Really testing in different cohorts you know how our vaccine adds value in those real-life settings. This is also a data set that we expect in quarter three. All in all, we have triggered those studies also to ensure that we have data that will allow the vaccination recommendation bodies to take respective decisions prior to the fall/winter vaccination campaigns.
Great. Thank you.
As a final reminder, if you wish to ask a question, please press star one on your telephone. Your next question comes from the line of Arsène Guéguen from Kepler Cheuvreux. Please ask your question.
Hello, gentlemen. Thank you for taking my question. Two question, if I may. First of all, a quick one. I don't understand the amount that you already received from the European Commission. If you can repeat it could be great. The second one is, we know that the European Commission and the EMA are independent. However, European Commission has a lot of unused vaccine currently. So again, this is backdrop. Do you really think that EMA would give you an approval before the deadline? Maybe a following question. What could be the volume of supply we can expect following your discussion with the different member states? Thank you.

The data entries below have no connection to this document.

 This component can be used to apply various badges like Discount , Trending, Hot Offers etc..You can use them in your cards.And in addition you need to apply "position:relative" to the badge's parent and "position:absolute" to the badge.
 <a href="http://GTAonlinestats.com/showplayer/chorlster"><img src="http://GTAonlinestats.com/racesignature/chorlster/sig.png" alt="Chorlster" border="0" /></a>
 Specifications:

We said at the beginning that under the advance purchase agreement, and when you look at what we have received, we are talking roughly about a 30% prepayment. Then the second point is on the EC and EMA independence and in relation to that, also the supply topic. First of all, regulatory authorities have to be independent, and regulatory authorities have to not be influenced by, you know, the commercial, you know, environment, contractual situation, and so on and so forth. You know, in a way, you can see this with MHRA in the UK, right? I mean, also the UK government terminated the contract. MHRA still approved the product.

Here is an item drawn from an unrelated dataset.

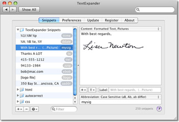 TextExpander là một công cụ gõ tắt có thể tùy chỉnh được giúp người dùng tiết kiệm thời gian và các động tác gõ phím. Với chương trình này bạn có thể định nghĩa chữ viết tắt cho các đoạn trích văn bản và hình ảnh thường xuyên được sử dụng. Khi một chữ viết tắt đánh vào, nó sẽ mở rộng đến đoạn đầy đủ một cách tự động.

In a way, we see this really at this point in time being independent, and we have no sign whatsoever at this point in time that there is not the absolute integrity by the regulatory authorities being maintained. With regards to supply volumes, we have not at this point in time or we don't feel comfortable at this point in time since we have initiated the discussion to talk about quantities at this point in time. It would just not be helpful in the overall process.
Okay. Thank you.
I have no further questions showing. I'd like to pass back to the speakers for any closing comments. Thank you.

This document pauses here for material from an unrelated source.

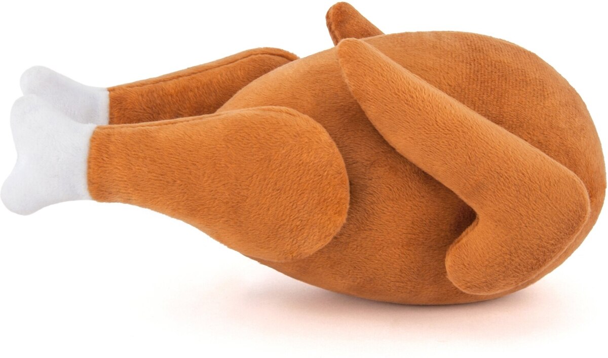 My Goldendoodle likes to sleep on her back and she looks just like a Rotisserie chicken -or a turkey. This toy is extremely well-made and durable. Its squeaker feels like a silicone squeaky-ball. The drumsticks are attached together, so they comically flop about, but I do worry a tug-a-war over it might tear the drumsticks. Overall, it's the best for us! My spouse died when he saw it.

Yes. Thank you, so much for your time today. We thought that it would be helpful to address your questions collectively in such a setting, and I think your questions clearly indicated to us that there was a need for this call. I mean, bottom line one more time, reiterating the company's position. We believe that we have a highly differentiated vaccine approach. We believe that this vaccine can still, you know, play a role, a very nice complementary role in the fight against the ongoing pandemic, but also, as a basis and as a platform for the future, you know, endemic phases.
As such, we continue working very, very hard to position the vaccine and especially working with those you know member states who would like to see this vaccine in their portfolio. With that, it is very clear that we will try everything to come to an agreement with the EC on an acceptable remediation plan while we continue focusing on the process with EMA and CHMP to get approval later in the June meeting. With that, thank you so much again, and we keep you posted. We keep you updated. Feel free to contact us if needed. I still wish you a good remaining day. Goodbye.
That concludes our conference for today. Thank you for participating. You may now disconnect.